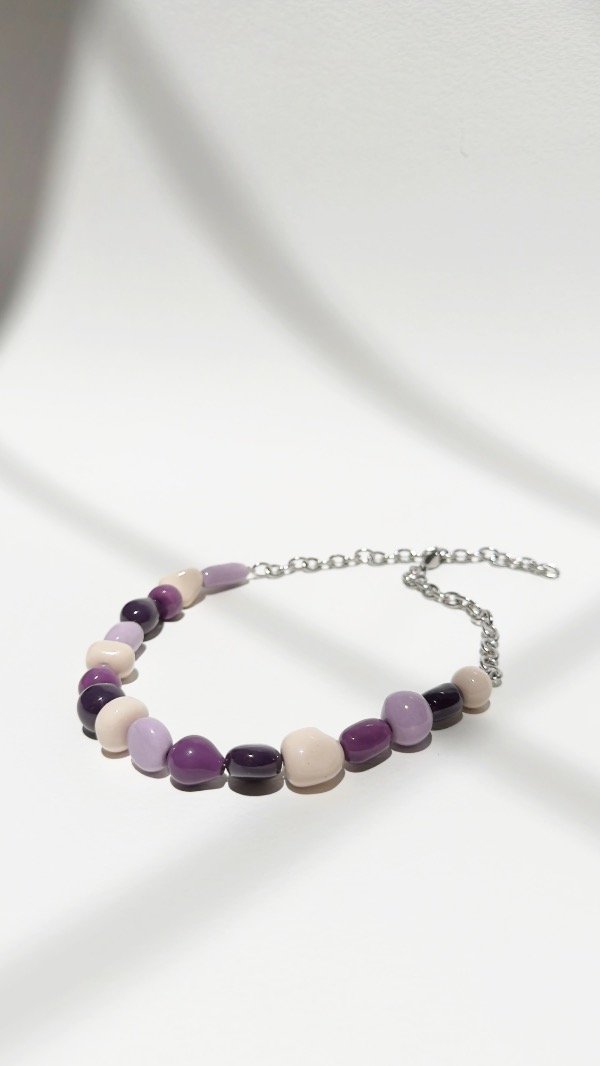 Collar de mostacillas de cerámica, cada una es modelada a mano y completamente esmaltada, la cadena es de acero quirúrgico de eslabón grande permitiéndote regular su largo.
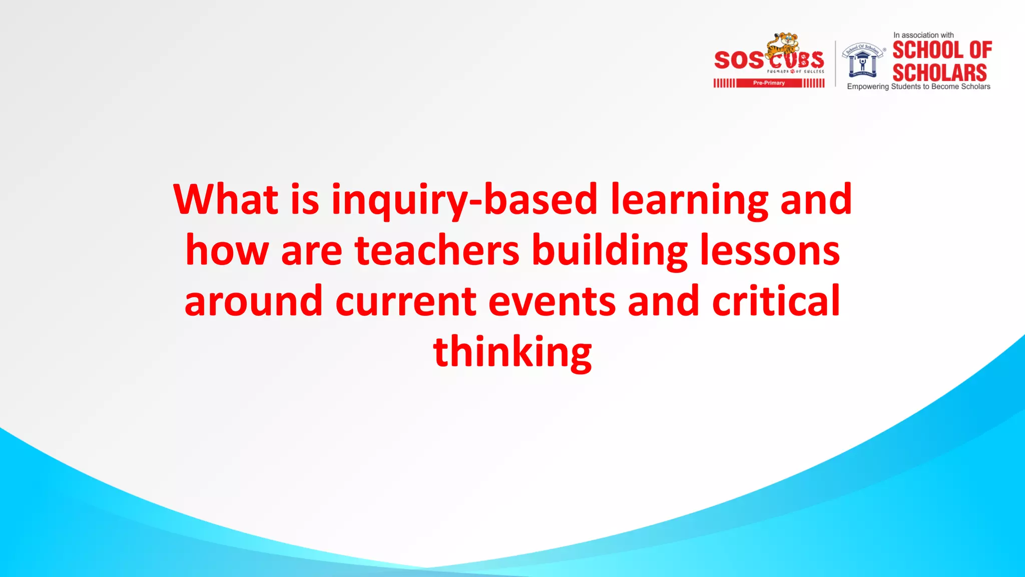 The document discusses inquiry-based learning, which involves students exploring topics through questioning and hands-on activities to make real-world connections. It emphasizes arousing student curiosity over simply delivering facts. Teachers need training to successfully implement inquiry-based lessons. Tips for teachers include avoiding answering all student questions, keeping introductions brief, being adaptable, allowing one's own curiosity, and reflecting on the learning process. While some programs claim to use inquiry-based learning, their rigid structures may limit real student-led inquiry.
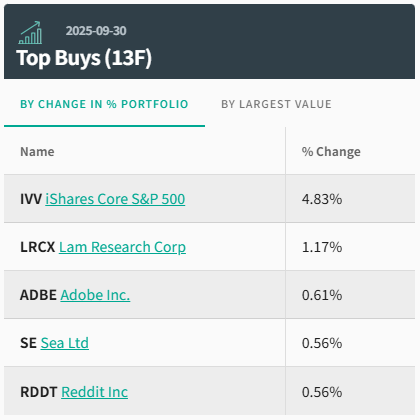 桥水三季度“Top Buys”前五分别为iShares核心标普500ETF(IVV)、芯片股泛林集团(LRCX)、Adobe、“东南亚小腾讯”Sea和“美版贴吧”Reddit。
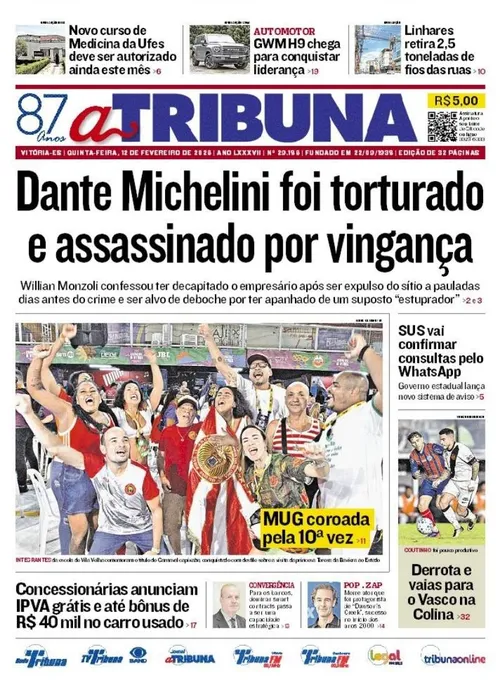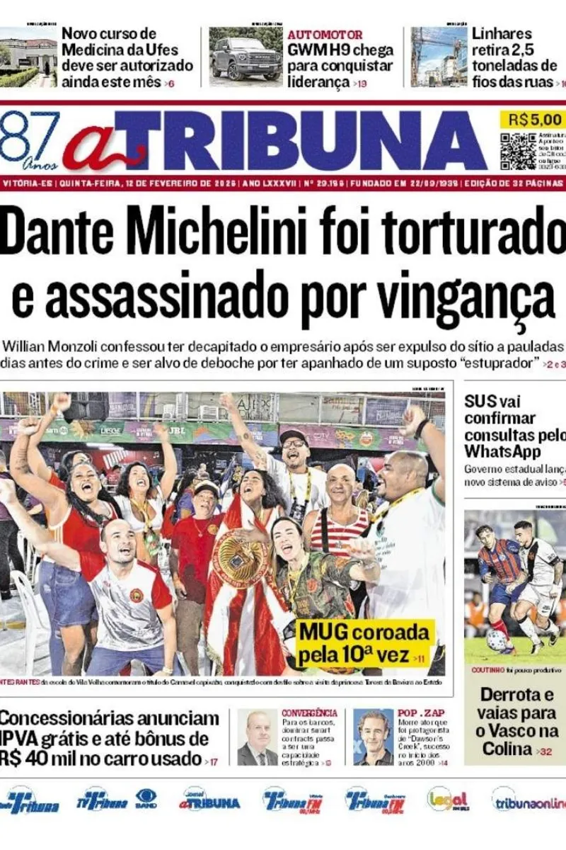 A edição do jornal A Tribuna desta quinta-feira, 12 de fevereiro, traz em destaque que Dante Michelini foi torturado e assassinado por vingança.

#### What this task involves
Leaving the pictures out, give back each line above exactly.

#### Answer section
 Collar de mostacillas de cerámica, cada una es modelada a mano y completamente esmaltada, la cadena es de acero quirúrgico de eslabón grande permitiéndote regular su largo.
 The document discusses inquiry-based learning, which involves students exploring topics through questioning and hands-on activities to make real-world connections. It emphasizes arousing student curiosity over simply delivering facts. Teachers need training to successfully implement inquiry-based lessons. Tips for teachers include avoiding answering all student questions, keeping introductions brief, being adaptable, allowing one's own curiosity, and reflecting on the learning process. While some programs claim to use inquiry-based learning, their rigid structures may limit real student-led inquiry.
 桥水三季度“Top Buys”前五分别为iShares核心标普500ETF(IVV)、芯片股泛林集团(LRCX)、Adobe、“东南亚小腾讯”Sea和“美版贴吧”Reddit。
 A edição do jornal A Tribuna desta quinta-feira, 12 de fevereiro, traz em destaque que Dante Michelini foi torturado e assassinado por vingança.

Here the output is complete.